*Directions*
Range to output from the entries below: the line containing "適応部位:肩・腰・背中・膝・脚など中層部の深さに対する疼痛除去" through the line containing "有一次洗了一小时五十几分钟,半夜被洗衣机结束工作的声音吵醒,然后起来晾衣服". Set it down exactly, ends included, nothing else.

*Data*
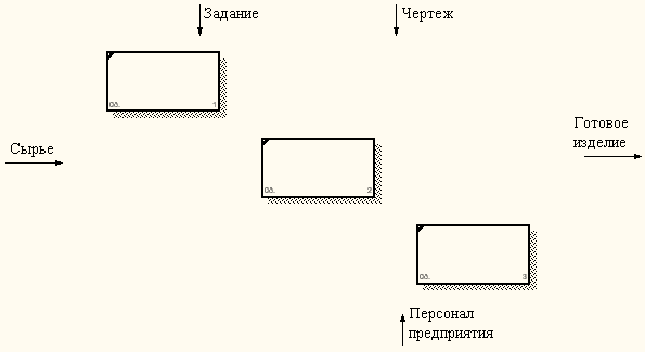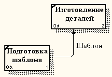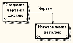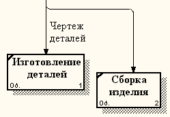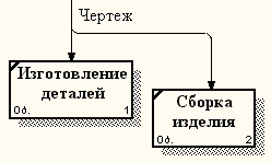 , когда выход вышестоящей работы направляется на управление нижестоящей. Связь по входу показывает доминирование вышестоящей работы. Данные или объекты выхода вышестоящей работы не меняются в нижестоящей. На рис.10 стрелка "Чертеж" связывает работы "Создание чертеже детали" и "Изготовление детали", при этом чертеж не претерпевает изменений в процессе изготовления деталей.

* * *

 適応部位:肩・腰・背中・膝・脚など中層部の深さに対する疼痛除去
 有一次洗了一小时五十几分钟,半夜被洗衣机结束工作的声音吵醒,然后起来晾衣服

*Expected answer*
 適応部位:肩・腰・背中・膝・脚など中層部の深さに対する疼痛除去
 有一次洗了一小时五十几分钟,半夜被洗衣机结束工作的声音吵醒,然后起来晾衣服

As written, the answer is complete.